Les initiatives nationales risquent de faire dérailler la législation sur les services numériques
Date
Sections
Qu'est-ce qui est proposé ?
En décembre 2020, l'Autriche a approuvé sa loi nationale contre les discours de haine ("KoPI-G") ainsi que la “loi contre la haine en ligne”. En Allemagne, le législateur est en train de mettre à jour la loi sur l'application des réseaux ("NetzDG"). La Hongrie, quant à elle, a déjà prévu de proposer de nouvelles règles pour l'industrie numérique dans les prochains mois. D’autres pays envisageraient également d'adopter leurs propres règles. Le plus ironique peut-être est que le Commissaire français en charge du dossier DSA, instituant des règles au niveau européen, voit son pays d'origine semble faire fi des discussions autour de son projet, et préfère proposer ses propres règles nationales. Pour rappel, en janvier dernier, Cédric O, le Secrétaire d'Etat chargé de la transition numérique et des communications électroniques, a annoncé que "le gouvernement français avait déposé un amendement au projet de loi Principes Républicains introduisant des obligations de modérations aux réseaux sociaux, par anticipation du DSA".
Pourquoi la multiplicité des règles nationales pose-t-elle problème ?
Bien que cela puisse surprendre, il existe plus de 10 000 plateformes en ligne dans l'UE. Nombre d'entre elles devront se conformer aux règles européennes et à la mosaïque d'initiatives nationales qui se dessine. Cette mosaïque de règles - d’autres parleront de cacophonie réglementaire - présente des obstacles réels à leur croissance et augmenteront inévitablement les coûts de mise en conformité.
C’est d’autant plus vrai que les règles nationales ne reflètent pas les nouvelles règles de l'UE et sont souvent en contradiction avec le DSA.
Prenons l'exemple de la France: la notion de "plateformes en ligne" telle que définie par le Code national de la consommation, diffère de celle proposée par le DSA. En pratique, cela signifie qu’une entreprise peut être sujette aux règles françaises sans qu’elle ne le soit au niveau européen, et vice versa. Par ailleurs, les obligations de diligence raisonnable seront très différentes.
Pour ajouter toujours un peu plus de complexité, les règles françaises ne s'appliqueront pas seulement aux plateformes établies en France mais aussi à celles établies dans d'autres pays de l'UE.

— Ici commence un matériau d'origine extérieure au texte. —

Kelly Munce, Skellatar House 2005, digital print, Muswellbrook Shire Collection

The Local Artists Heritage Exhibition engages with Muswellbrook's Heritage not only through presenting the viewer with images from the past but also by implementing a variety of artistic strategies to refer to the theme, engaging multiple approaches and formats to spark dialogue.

Un des piliers du marché intérieur est le principe du "pays d'origine”, tel qu’énoncé dans la directive sur le commerce électronique. Ce principe signifie que les entreprises dont l’objet est la fourniture de biens et de services transfrontaliers appliquent les règles et se soumettent aux régulateurs du pays où elles sont établies, plutôt que de chaque État membre où elles opèrent. De toute évidence, le projet de loi français semble abandonner ce principe élémentaire, peu importe ce que Bruxelles décidera.
L'exemple français montre comment une entreprise peut se retrouver soumise à plusieurs lois nationales et européennes potentiellement contradictoires. Si nous venions à examiner chaque initiative nationale, les comparer avec le projet européen, et en déduire le coût supplémentaire de conformité et d’incertitudes juridiques, nous constaterions rapidement que le niveau de complexité et de contradiction est inapplicable.

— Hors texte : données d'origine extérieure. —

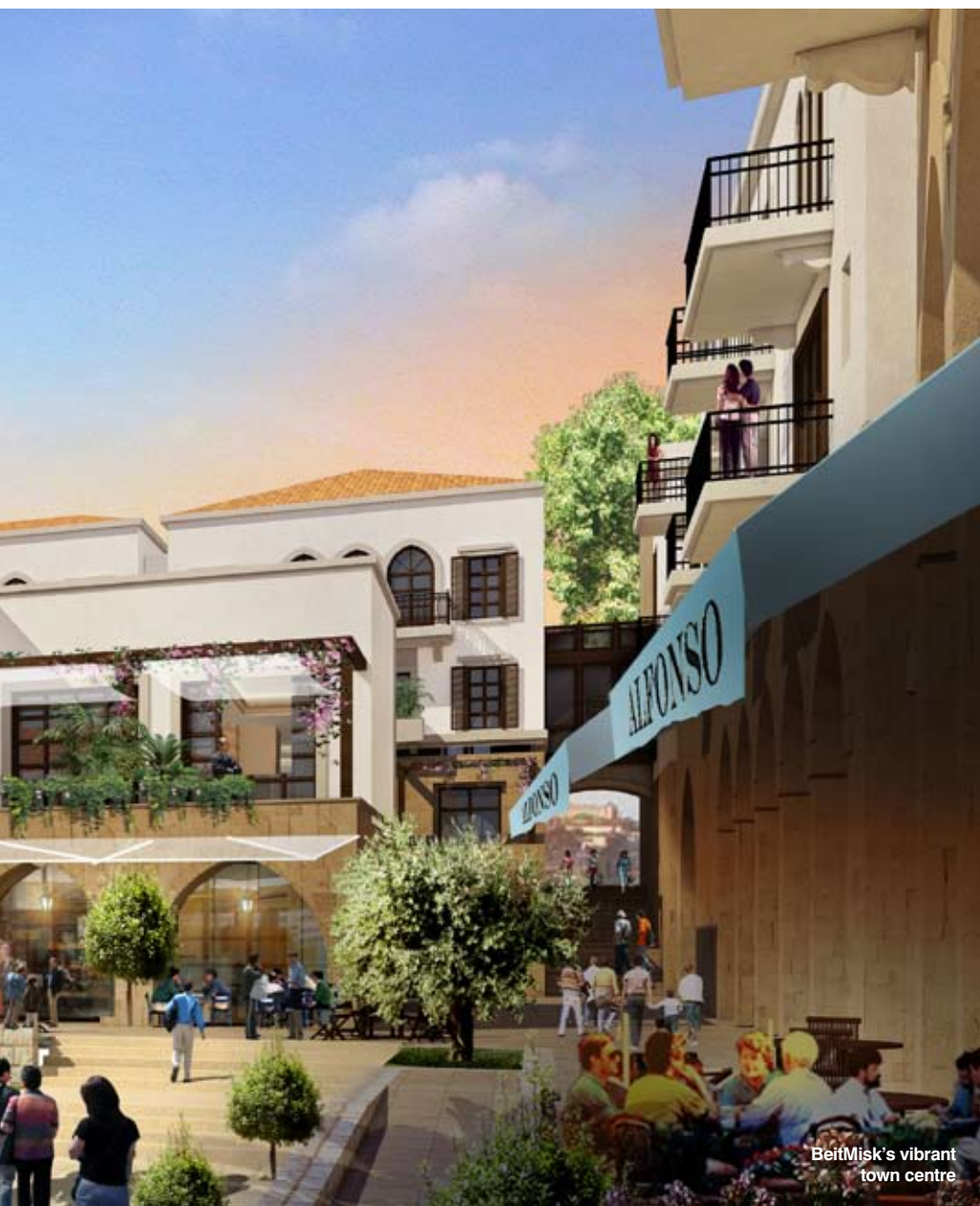
BeitMisk's vibrant town centre

Il va sans dire que s'il serait extrêmement difficile pour les entreprises d'appliquer autant de règles différentes, surtout pour les petites et moyennes entreprises (PME) qui se verraient inévitablement plus lourdement touchées.
Que faut-il faire ?
Si les inquiétudes et l'impatience des responsables politiques nationaux sont compréhensibles, la priorité doit être donnée au projet de règlement DSA, et non à l’édiction de législations nationales plus contradictoires les unes que les autres. Comme la Commission européenne l'avait rappelé aux autorités autrichiennes, "tout en poursuivant un objectif politique légitime, les mesures nationales sont susceptibles d’amplifier la fragmentation juridique existante du marché intérieur".
Si la Commission européenne veut atteindre son objectif d'harmonisation des règles au sein de l'UE, elle se doit d’éviter la cacophonie réglementaire de plus en plus grandissante dans les États membres et veiller à ce que le DSA établisse un cadre réglementaire harmonisé et clair pour l’ensemble des plateformes en lignes et leurs utilisateurs.